Making Sales Growth Predictable, Sustainable & Scalable

Finding Demand Creators

Written by Doug Davidoff | Oct 9, 2009 10:11:45 AM

Earlier this week, I wrote a post about The 5 Levels of Sales Excellence.  It’s generated a lot of discussion, best summed up by this stream of comments:




Doug – you nailed this one. I can tell you that businesses are struggling with the peddlers and commoditizers in their organizations. If they could just find a few Professionals, they would be in heaven. If they could find a Demand Creator, they would have found Utopia.


So let me ask you. Where does one look? How do we evaluate? And are Demand Creators even available?

 




Rodney, that is a great question. I’ll begin writing the answer now. I’ll post it as soon as it’s done.

 




I thought about my question, and at least in my world working with CEOs through Vistage, I can say with certainty that the Demand Creators tend to be the CEO/Entrepreneur of the organization. They have the skill set. They have the business acumen. They have the connections. And they definitely have the drive.
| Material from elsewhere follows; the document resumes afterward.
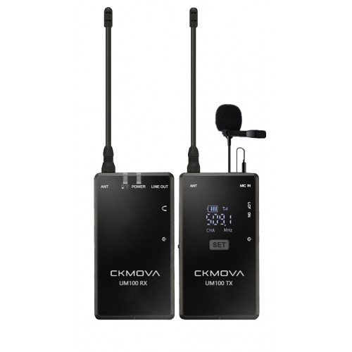 CKMOVA UM100 Kit1 – це компактна цифрова бездротова мікрофонна система, яка забезпечує високоякісний звук для користувачів практично в будь-якому сценарії. Це просте рішення для інтерв'ю та прямої трансляції в поєднанні, наприклад, із дзеркальною камерою, смартфоном або комп'ютером. UM100 Kit1 поставляється з одним накладним передавачем (UM100 TX) та одним приймачем (UM100 RX), сумісним зі смартфоном, камерою та іншими пристроями з 3,5-мм входом. Система має 20 каналів і автоматичне сполучення для швидкої та простої роботи. Передача даних здійснюється бездротовим шляхом від передавача до приймача на відстані 50 м. Діапазон частот бездротової мережі становить 470-510 МГц/550-590 МГц.

If this is the case, finding individuals out there with Demand Creation skills is likely a very elite and small group.  Your thoughts?


Here are my thoughts:

First and foremost, Demand Creators and even most professionals are very rarely (to a statistically insignificant level) “found”; instead, they are made.  The only meaningful exception to this, as Rodney points out, is found at the CEO and entrepreneur level.  They create demand, most often, because they are the creators of the value for their company and can’t help but go deep and resonate with buyers.  The challenge is that CEO/entrepreneurs create demand in a non-replicable way and that creates a “growth wall” that halts most companies’ growth.

While sales mythology is filled with stories of  “natural” sales superstars, reality rarely lives up to the story.  The only meaningful difference between these natural sales superstars, Demand Creators and unicorns, is that the sales superstar does actually exist; but they are EXTRAORDINARILY hard to find, they are very expensive and they are very difficult to keep happy.  Peter Drucker said you can’t scale a business requiring genius, and the same is true here.
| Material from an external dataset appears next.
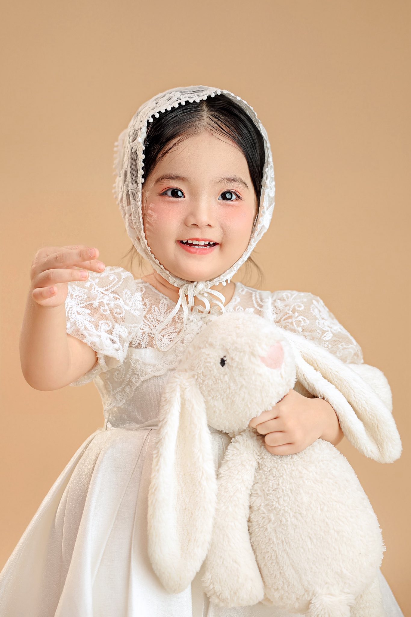 Trong bộ trang phục váy ren trắng tinh khôi cùng chiếc mũ bonnet cổ điển, cô bé biến hóa linh hoạt từ những biểu cảm ngây ngơ, nũng nịu bên chú thỏ bông đến những khoảnh khắc cười thả ga đầy tự nhiên. Chính sự hồn nhiên này đã giúp bộ ảnh thoát khỏi khuôn mẫu sắp đặt khiến người xem lụi tim vì vẻ đáng yêu.

The Critical Element to Make Demand Creators

The prerequisite to make/create Demand Creators is a repeatable, sustainable sales and marketing process.  This is where IBM destroyed its competitors in IBM’s heyday.  IBM was a superior sales organization, not because they hired better sales people (actually, IBM had a huge advantage in their ability to hire younger, less experienced salespeople than their competitors), but because they had a superior process – in the full sense of the word.
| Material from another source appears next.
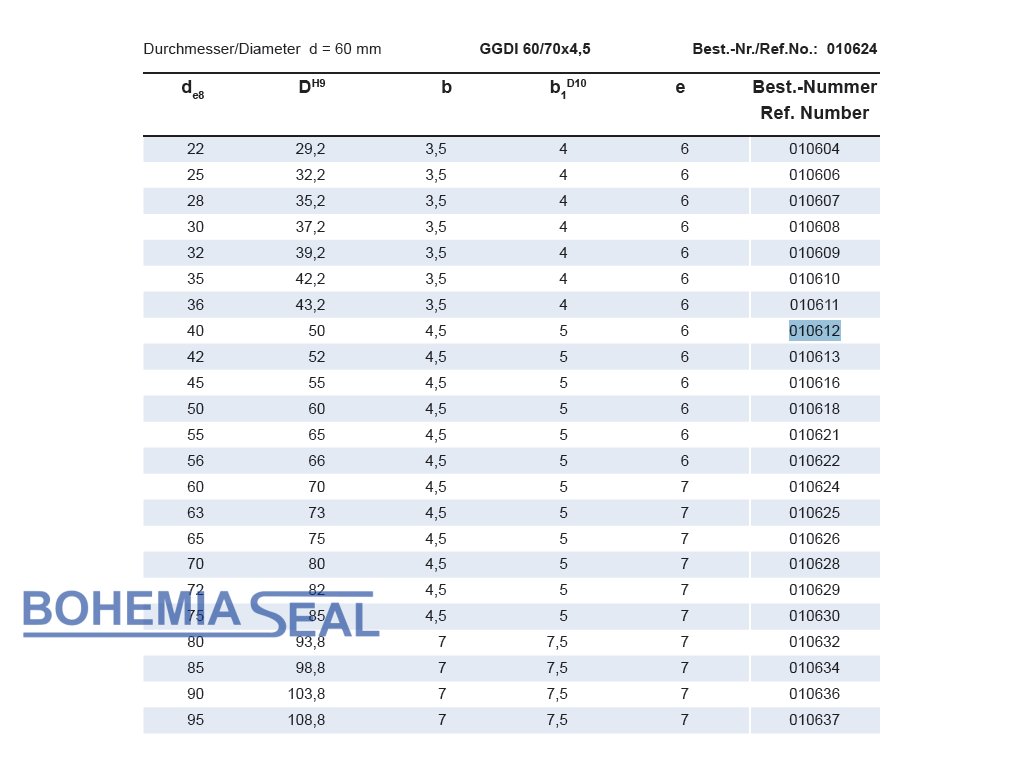 Typ: Kolbenstangendichtung doppelt wirkend 40 x 50 x 4,5 GGDI NBR / PTFE+Bronze / POM (010612) , Hunger

This leads to another myth – salespeople hate process.  Properly stated (and in the context of my post on Demand Creators) it is true:  pests, peddlers and commoditizers hate process.  Professionals and Demand Creators thrive on effective process.

Please don’t confuse a repeatable sales and marketing process with things like the stages of a sale.  While I’m a big fan of a lot of sales training programs out there (and they’ve certainly inspired a lot of my thinking over the last 20 years), they do not represent process.  At best, they represent stages.  Whether you’re talking about Tom Hopkins, Brian Tracy, Miller Heiman, Neil Rackham, Sandler, Huthwaite, Bosworth, et al; they demonstrate stages, not repeatable process (please note, it is not my intention to slight any of these fine organizations, I think they all do a very good job).

Think about this for a moment.  If you were interviewing an operations manager, front line worker, accountant, controller, CFO, or virtually any non-sales and marketing position and they said something like the following, would you hire them?

“Before you hire me, I want you to know that I have my own way of doing things.  It’s worked for me for years so I’m going to do it my way, rather than yours.”


Of course not.  Can you imagine an accountant saying they find GAAP just a little too constraining, so they’ll just ignore it (oops, I guess that’s what happened at Enron)?  But companies let salespeople do this everyday.  An effective process makes a decent salesperson good, a good one great, and a great one a superstar.  (A superstar by the way is merely a great salesperson who follows a process – whether it’s a stated process or not.)

The reason a process works and is so critical is that an effective process introduces constraints.  Constraints, properly applied, force increased focus – which leads to more depth.  A salesperson can only create demand by going deeper than their competitors do.  These constraints create predictability, which is critical to effectively allocating resources (which for a salesperson really comes down to time).  As author, professor, and consultant Jim Collins has said, if you take the person out of the process, the person is no longer as good.

Further, a repeatable process is, by definition, trainable and coachable.  This means that you can hire people who fit a particular profile (as done in any top notch hiring process, and a subject I’ll write about shortly) and teach them how to do this.  This makes the position hirable and it enables a company to ensure it can continue to grow.

The problem that the vast majority of small and mid-market businesses (SMB) have is that they have neither the time nor the expertise to create such a system.  So they either rely on the salesperson to “figure it out,” have absolutely no system or overly rely on the “systems” presented in sales training programs (which as I’ve already mentioned are not adequate substitutes for process).

I know this because for the last five years a core focus of my company has been helping SMBs create these systems, and we’ve been helping companies make their sales teams professionals and Demand Creators.